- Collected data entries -
Start of Block

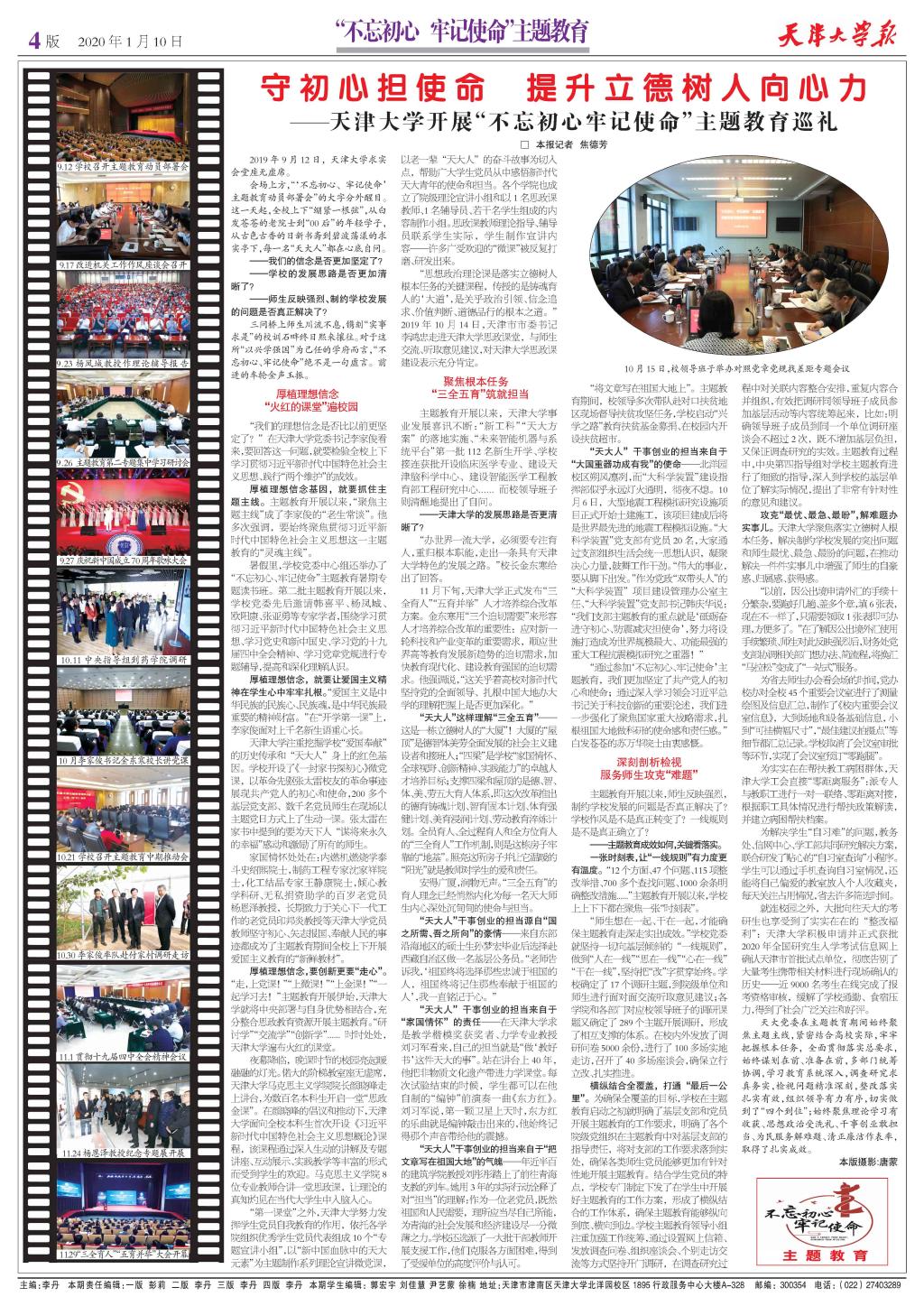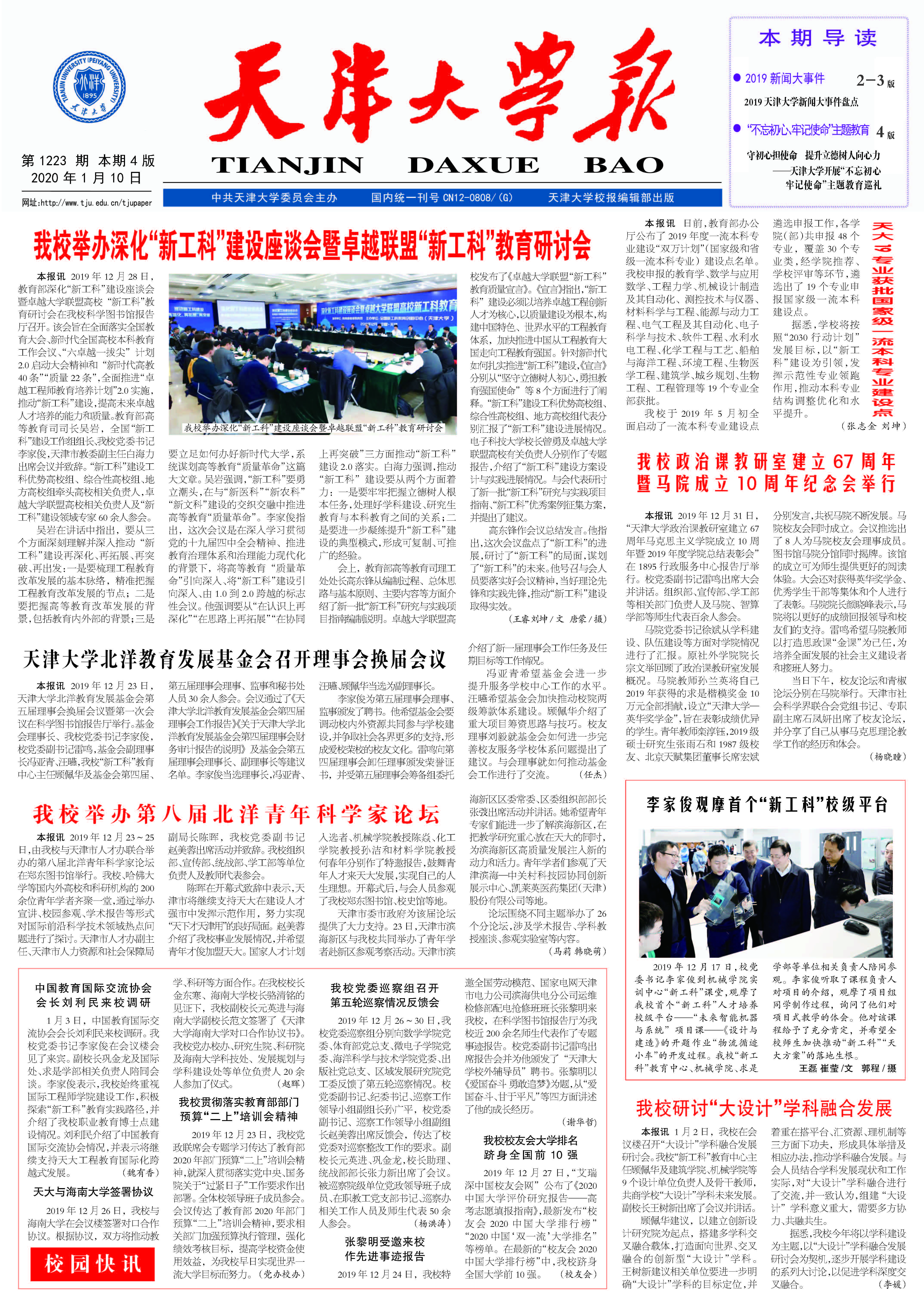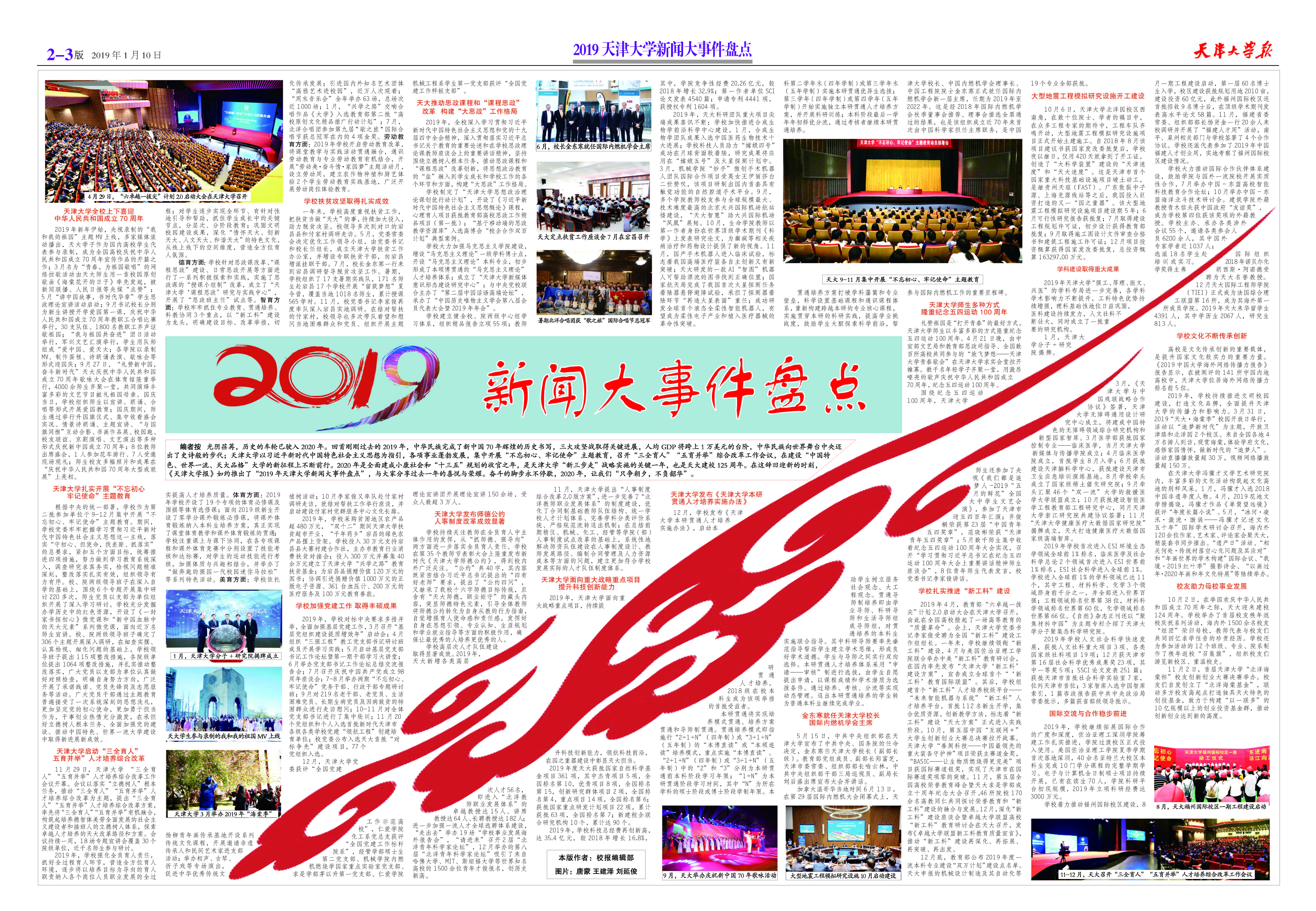 光阴荏苒,历史的车轮已驶入2020年。回首刚刚过去的2019年,中华民族完成了新中国70年辉煌的历史书写,三大攻坚战取得关键进展,人均GDP将跨上1万美元的台阶,中华民族向世界舞台中央迈出了史诗般的步代;天津大学以习近平新时代中国特色社会主义思想为指引,各项事业蓬勃发展,集中开展“不忘初心、牢记使命”主题教育,召开“三全育人”“五育并举”综合改革工作会议,在建设“中国特色、世界一流、天大品格”大学的新征程上不断前行。2020年是全面建成小康社会和“十三五”规划的收官之年,是天津大学“新三步走”战略实施的关键一年,也是天大建校125周年。在这辞旧迎新的时刻,《天津大学报》如约推出了“2019年天津大学新闻大事件盘点”,与大家分享过去一年的喜悦与荣耀。奋斗的脚步永不停歇,2020年,让我们“只争朝夕,不负韶华”。
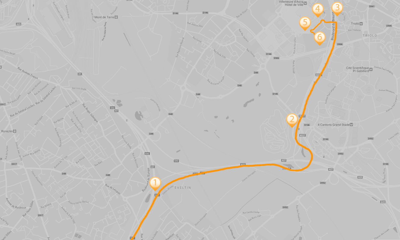 Suivre la direction de Villeneuve d'Ascq puis suivez le plan ci-dessous.
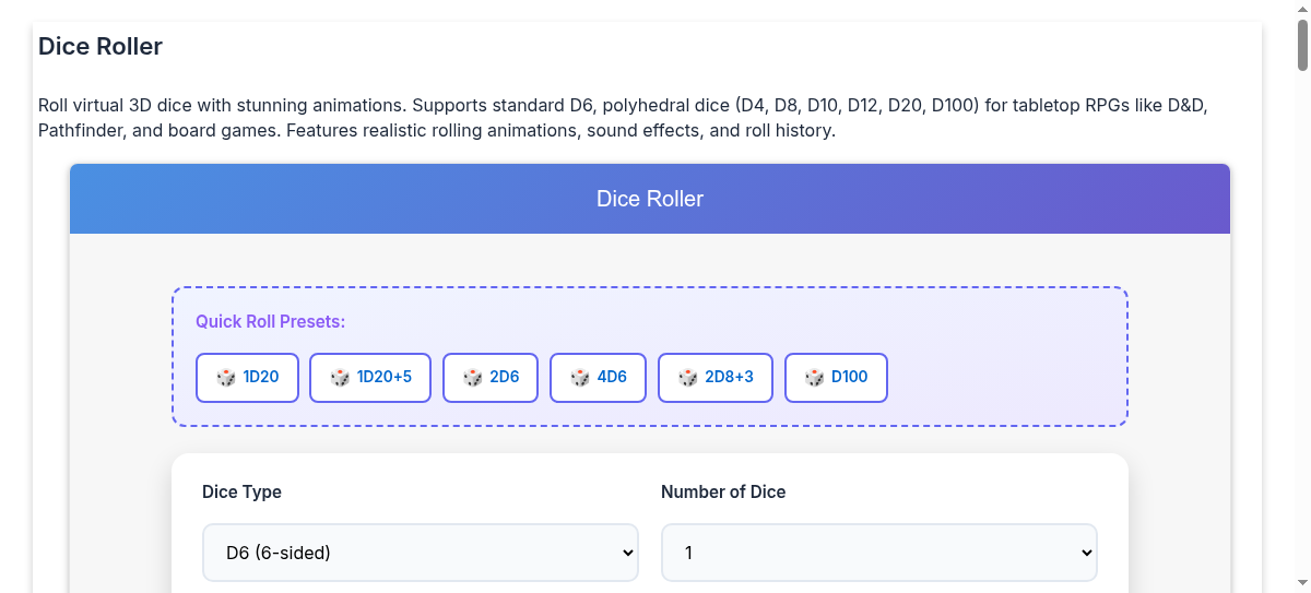 Easy D&D Dice Roller - Simple Online Dice for TTRPGs
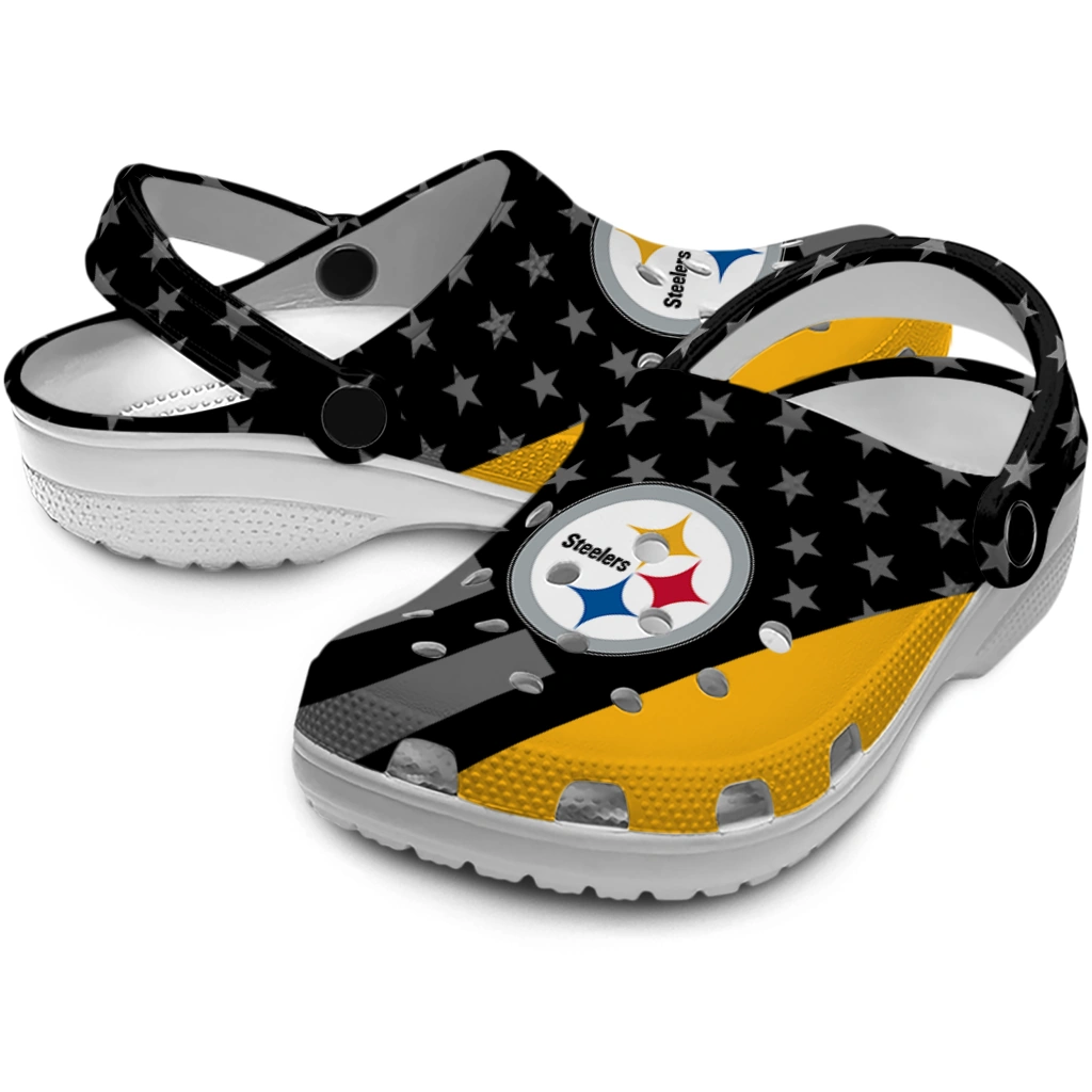 Pittsburgh Steelers Stellar Stripes Theme Clogs
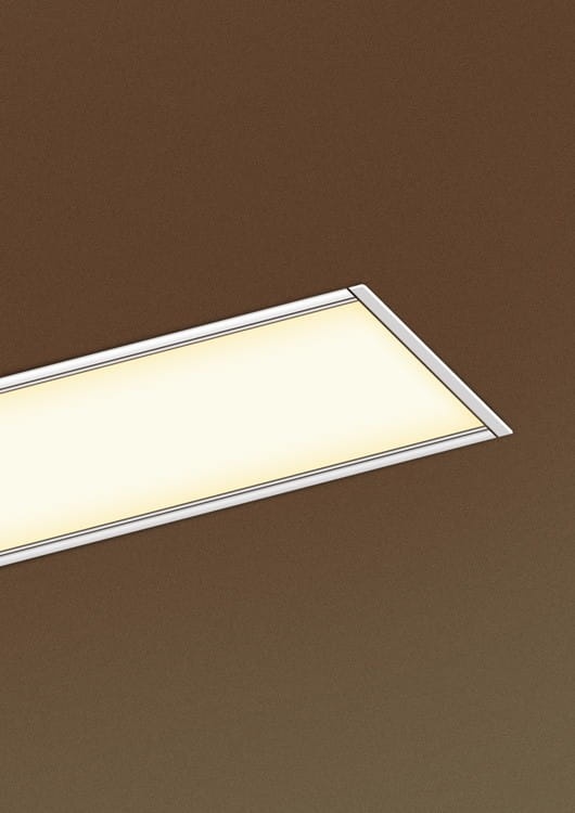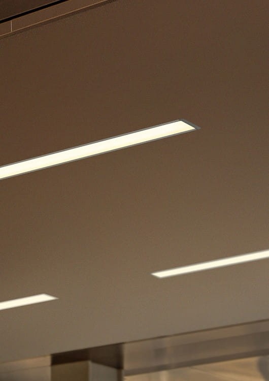 - Montaż „od dołu” daje możliwość projektowania opraw w suficie „od ściany do ściany”
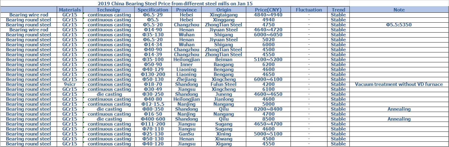 2019 China Bearing Steel Price from different steel mills on Jan 15
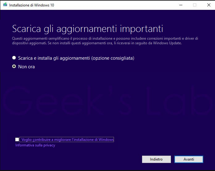 3. Quando la procedura di Installazione di Windows 10 è pronto, puoi decidere se Scarica e installa gli aggiornamenti o Non ora in base alle tue esigenze.
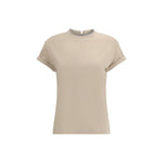 Cotton T-Shirt by Brunello Cucinelli, crewneck, keyhole back button closure, brand’s iconic contrasting appliqué jewels on crewneck, regular fit.

End of Block

Copy out the lines above from the line containing "Pittsburgh Steelers Stellar" through the line containing "3. Quando la", exactly, and keep the pictures out.

 Pittsburgh Steelers Stellar Stripes Theme Clogs
 - Montaż „od dołu” daje możliwość projektowania opraw w suficie „od ściany do ściany”
 2019 China Bearing Steel Price from different steel mills on Jan 15
 3. Quando la procedura di Installazione di Windows 10 è pronto, puoi decidere se Scarica e installa gli aggiornamenti o Non ora in base alle tue esigenze.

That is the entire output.